Experience exists at all levels. Consciousness exists at all levels. My
cat experiences. He is conscious, but I dare say the content of his
conscious is somewhat less than mine. But regardless, he doesn't belong at
the intellectual level because he's unable to form ideas, i.e., symbols
that stand for patterns of meaning.
> Finally, in response to Pirsig's assertion that ""The mythos-over-logos
> argument points to the fact that each child is born as ignorant as any
> caveman. What keeps the world from reverting to the Neanderthal with each
> generation is the continuing, ongoing mythos, transformed into logos but
> still mythos, the huge body of common knowledge that unites our minds as
> cells are united in the body of man. To feel that one is not so united,
> that one can accept or discard this mythos as one pleases, is not to
> understand what the mythos is", you reply, "What is now common knowledge or
> "mythos" developed from the striving of creative individuals -- one
> inspired idea at a time."
>
> You continue to miss, perhaps deliberately, the point made by Pirsig.

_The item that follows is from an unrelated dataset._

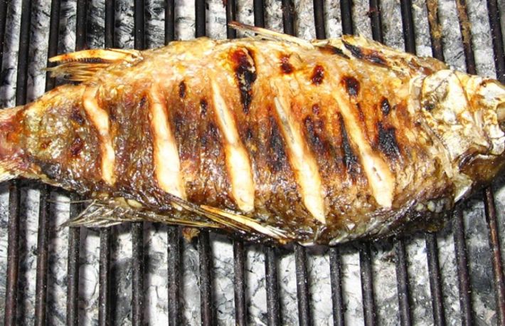 Pe masura ce sunt gata, se pun pe un fund si usor, cu un cutit, se curata solzii si negreala ramasa de la fript.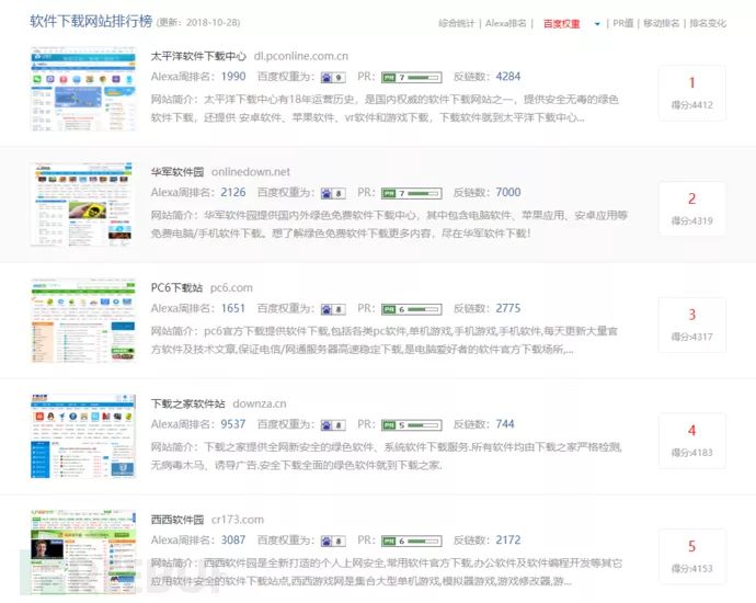 PC端一直是重灾区,而且存在时间也比较久。根据站长工具统计的百度权重数据来看(虽然不是百度官方数据,但也具有比较可靠的参考价值),传统PC端下载站中排名前5的分别如下图:

> Namely that your so-called "striving individuals" do not strive in
> isolation from the collective consciousness, the huge body of common
> knowledge that unites our minds. Indeed, that "striving" is (1) made
> possible by the collective consciousness (without the collective
> consciousness, the huge body of common knowledge uniting our minds, Pirsig
> would not have had the ability to formulate the MOQ. He was able to
> formulate the MOQ by virtue of his appropriation of the collective
> consciousness at a point in the historical dialogue where it became
> possible to say what he says. A Neanderthal, for example, would be
> completely unable to formulate the MOQ, because the MOQ is an outgrowth of
> a historical-social evolution). If Edison, for another example, were born
> 200 years earlier, we would not have had the telephone earlier. If Edison
> were killed as a child, we would not still be relying on horse delivered
> correspondences. At any given point in the historical-social dialogue of
> the collective consciousness, there is potentiality. That potentiality is
> fulfilled by individuals, to be sure, but individuals are not "free" to act
> irrespective of this potential.
My point all along has been that the mythos exists only because at each
and every step of development, someone was first, followed by another and
another.
I look forward to your exciting scenario as to how the first thought
arose. Hopefully it will star the gorgeous DIHI.